Feature Proposal: Upload files using PubSweet’s job queue
This proposal would change how Editoria uploads MSWord (.docx) files into the Book Builder. Rather than sending .docx files to a standalone web service (INK) for conversion, the proposed update would allow Editoria to use its own backend (PubSweet) and a Docker container to do the same transformation internally.
This is a behind-the-scenes change that would not alter the upload interface or the XSweet docx-to-HTML conversion results. It would, however, make Editoria’s installation process easier, as users wouldn’t have to also separately install INK and configure Editoria to communicate with it. It would also improve Editoria’s stability and simplify its architecture, and it has the potential to shorten the upload time. Finally, it would make updating XSweet easier (specifically, swapping XSLT sheets into and out of the transformation pipeline).
Editoria uses XSweet to extract and transform the contents of .docx files into HTML that can be loaded in Editoria's Wax editor.
Right now, Editoria sends uploaded MSWord files to a completely separate app - INK - which runs the .docx files through XSweet and sends the converted results back to Editoria.

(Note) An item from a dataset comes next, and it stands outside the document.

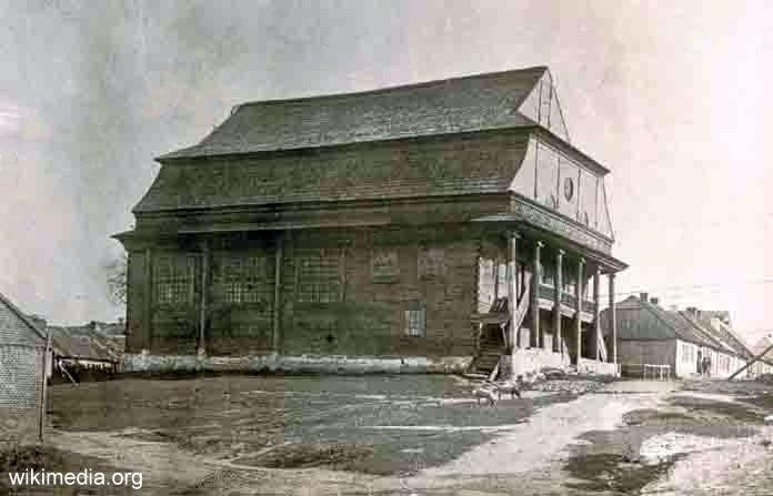 Synagoga drewniana, wzniesiona według projektu Beniamina Hilela.

INK runs the different steps of the XSweet pipeline - a series of XSLT files - as an INK “recipe” written in Ruby.
INK is essentially a job queue designed to manage tasks like this conversion. However, Editoria’s backend, the PubSweet server, has been upgraded and now has its own built-in job runner, as well as a PubSweet job component that runs XSweet in a Docker container (
pubsweet-component-job-xsweet). The PubSweet job runner would replace INK, and the specific job component
pubsweet-component-job-xsweet would replace the Ruby implementation of the XSweet pipeline.
Currently, the upload process looks like this:
- In Editoria, users select one or more .docx files to upload.
- For each .docx file, Editoria sends a separate HTTP POST request (as an XHR) to the INK server (a Ruby on Rails app external to PubSweet) and awaits a response.
- INK receives the .docx file and runs it through XSweet to produce the HTML to be loaded into Editoria. The different steps of the XSweet pipeline - a series of XSLT files - are chained together as an INK “recipe” written in Ruby.
- INK sends the result back to Editoria, which then loads the transformed .docx contents into a Book Builder component.
The INK server must be running independently from Editoria, or else the upload fails. Further, the INK endpoint for Editoria to send the request to needs to be manually specified in Editoria’s configs or
env variables during Editoria’s initial setup.
If Editoria is updated to upload .docx files using the PubSweet job runner instead of INK, the upload process would look similar to the above, but with some significant benefits:
- In Editoria, users select .docx files to upload.
- Each .docx is sent as an HTTP POST request to a preconfigured internal PubSweet endpoint, which registers the .docx conversion as a job to run with PubSweet’s job runner.
- Once the conversion is complete, the converted .docx is returned as HTML, completing the HTTP POST request.
A Docker container - rather than an INK server - needs to be running for this to work, but it is far simpler and less resource intensive than running a separate Ruby on Rails app (INK). Users wouldn’t have to install INK as part of the Editoria installation process, nor add configurations to Editoria so it knew where INK was installed.
This would also make it easier to swap XSLT files into or out of the XSweet conversion chain, as the order in which it is run would involve updating a simple script rather than making a new XSweet INK recipe as a Ruby gem.
Implementing this change would entail the following changes:
- Including the
pubsweet-component-job-xsweetmodule in Editoria
- Updating Editoria’s Docker files to run the job's Docker container, and ensure it can connect to the Editoria database.
- Updating how Editoria makes the HTTP POST request with the .docx, from sending it to INK, to sending it to the new endpoint for the job runner to pick up. The new request would look something like the
curlexample in the
Beyond this, the upload could be further improved by:
- Updating how the PS job runner returns the upload's results, from waiting on a lengthy HTTP POST request to using a GraphQL subscription.
- Compiling the XLST sheets in XSweet so they run faster, and combining some of the XSweet sheets into larger files.